Money & The Economy

Real Retail Spending Fell In September As Inflation Pinches Consumers

Retail spending held steady in September compared to August, but fell adjusted to inflation as consumers spent more on essentials, The Wall Street Journal reported Friday.

Despite the fact that consumers spent roughly the same as they did in August, $684 billion, according to the U.S. Census Bureau, these results are not adjusted for inflation, which rose 0.4% on a monthly basis in September, indicating that consumers were getting less value from their spending, according to CNBC. For example, spending at bars and restaurants grew by 0.5% in September, but prices at the same establishments increased by 0.9%, the WSJ reported.
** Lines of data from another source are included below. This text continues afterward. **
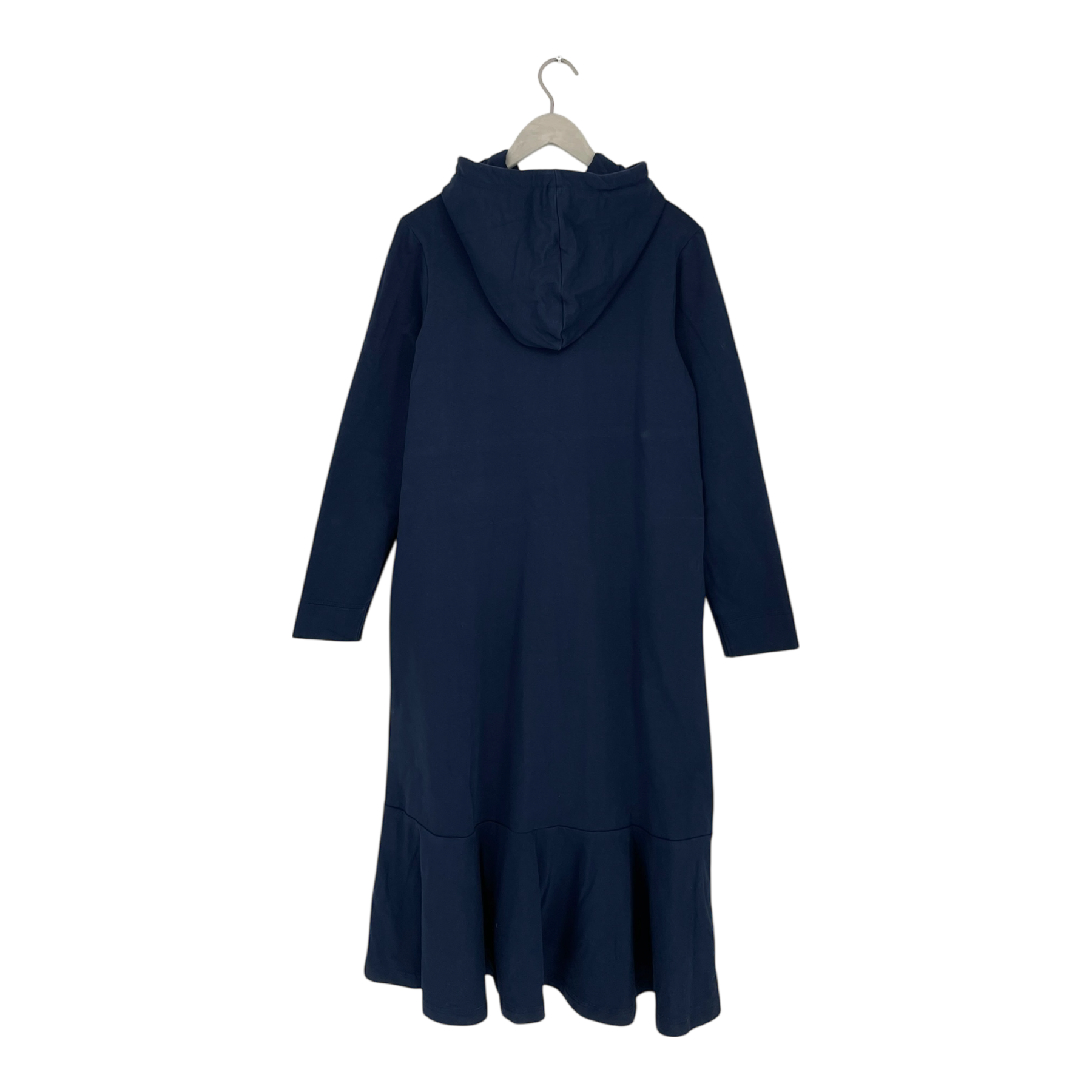 Ommellinen hulmu hoodie is a sweat dress with a hood and a flowy hem.
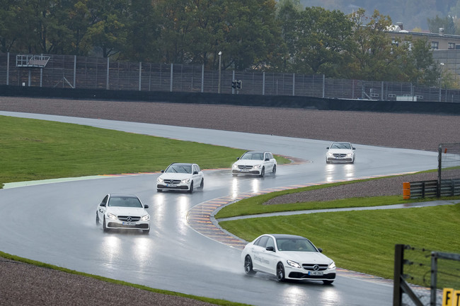 Para este curso en concreto los coches son un popurrí de modelos de la gama de Mercedes-Benz, incluyendo los Clase C, el nuevo Clase E (incluída una demostración de los nuevos sistemas de asistencia, como la frenada automática de emergencia o el asistente de aparcamiento, que también permite aparcar el coche de forma remota, como contamos ya aquí), dos C 63 Coupé. y los Mercedes-AMG C 63 S, listos para las pruebas de esta jornada, pasada por agua.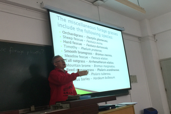 Roman Hołubowicz教授为草业科学大三学生共授课《Forage Seed Science》课程10学时,他系统地介绍了牧草(饲草)的应用,常见牧草如苜蓿、三叶草、羽扇豆、黑麦草、肯塔基早熟禾和鸭茅等的种子结构、花卉结构,以及土壤条件、播种要求、田间管理、贮藏等技术要点,并介绍了整个生产过程中相关的机械化操作技术与方法。在为草业科学大二学生讲授的10个学时的《Forage Plant Breeding》课程时他主要介绍了牧草(饲草)的应用、育种的基本相关概念,常见草种的种子、花结构,以及其营养繁殖技术、有性繁殖技术、分子育种和突变、育种主要目标性状、引种方法等内容。

“The Census Bureau adjusts these reports for seasonality but not price changes,” Heritage Foundation economist E.J. Antoni told the Daily Caller News Foundation. Antoni noted that one can roughly estimate the real spending would be to simply subtract monthly inflation from the reported number, although month-to-month inflation does consider factors such as housing, which are not considered in retail sales.

Consumers spent 8.2% more year-on-year in September, matching the year-on-year inflation reported by the Bureau of Labor Statistics on Thursday. Shoppers generally spent more on necessary products, such as grocery stores and health products, while cutting back on non-essentials, such as sports equipment, books, furniture, and other miscellanious costs, according to the Census Bureau.

“[Consumers] are having to make tough decisions,” said Scott Brave, head of economic analytics for business intelligence firm Morning Consult.